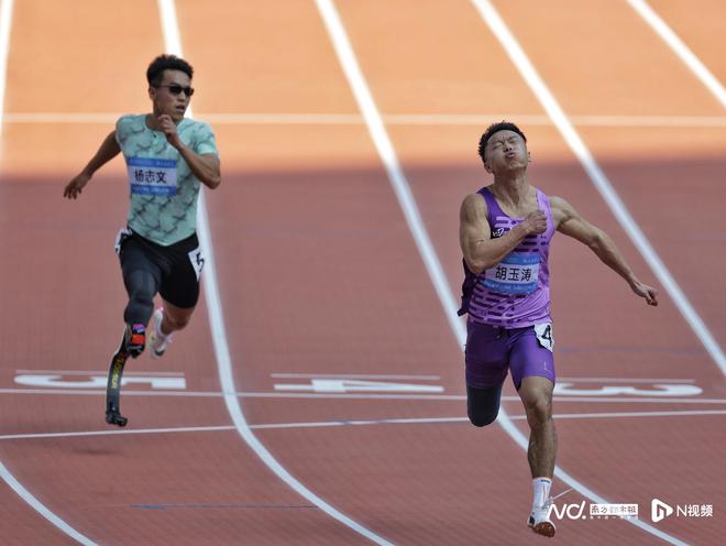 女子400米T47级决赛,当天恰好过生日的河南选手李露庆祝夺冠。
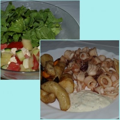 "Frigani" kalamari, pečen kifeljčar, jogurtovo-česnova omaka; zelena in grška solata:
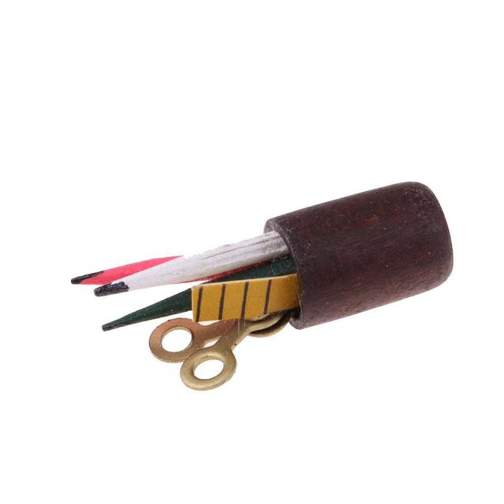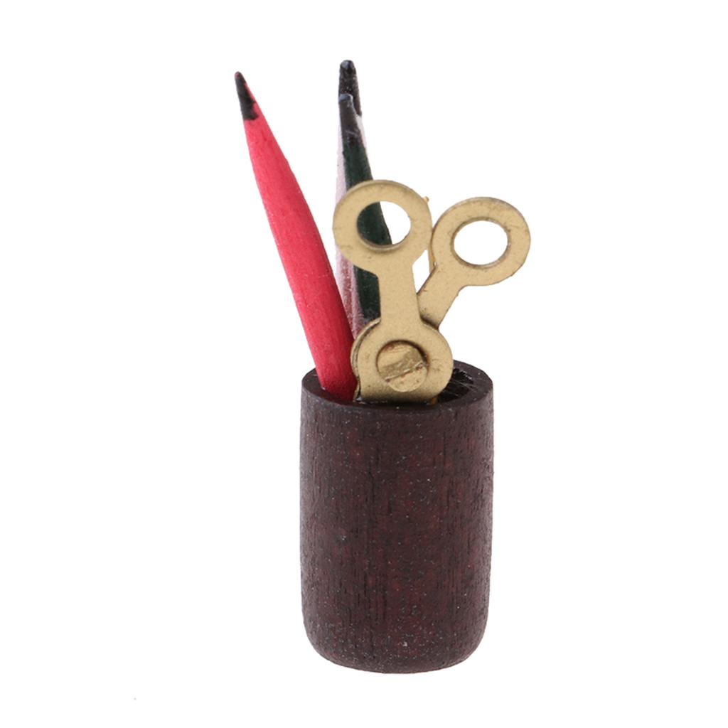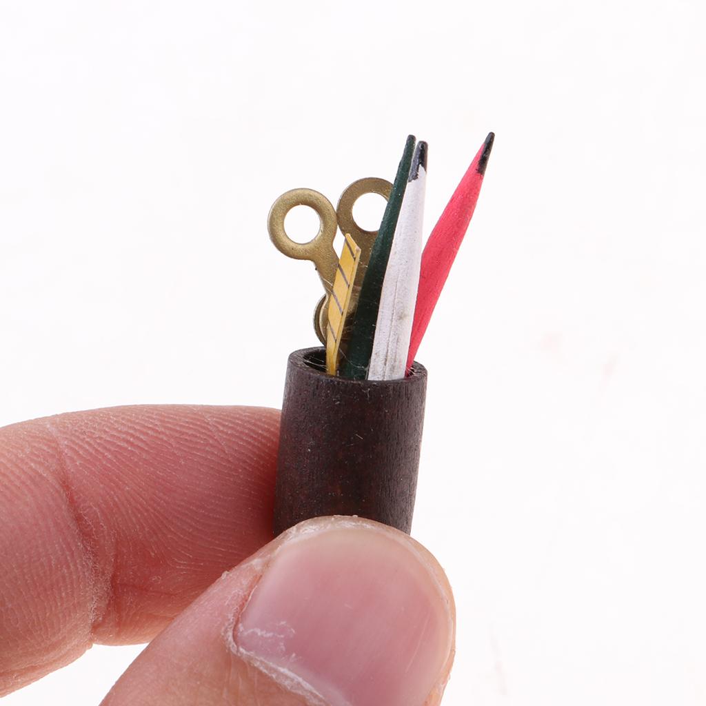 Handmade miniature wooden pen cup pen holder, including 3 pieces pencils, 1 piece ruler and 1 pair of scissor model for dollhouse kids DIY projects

---

* _Required work_
Pictures are to be left out. Otherwise, copy the material above exactly.

* _Written answer_
 女子400米T47级决赛,当天恰好过生日的河南选手李露庆祝夺冠。
 "Frigani" kalamari, pečen kifeljčar, jogurtovo-česnova omaka; zelena in grška solata:
 Handmade miniature wooden pen cup pen holder, including 3 pieces pencils, 1 piece ruler and 1 pair of scissor model for dollhouse kids DIY projects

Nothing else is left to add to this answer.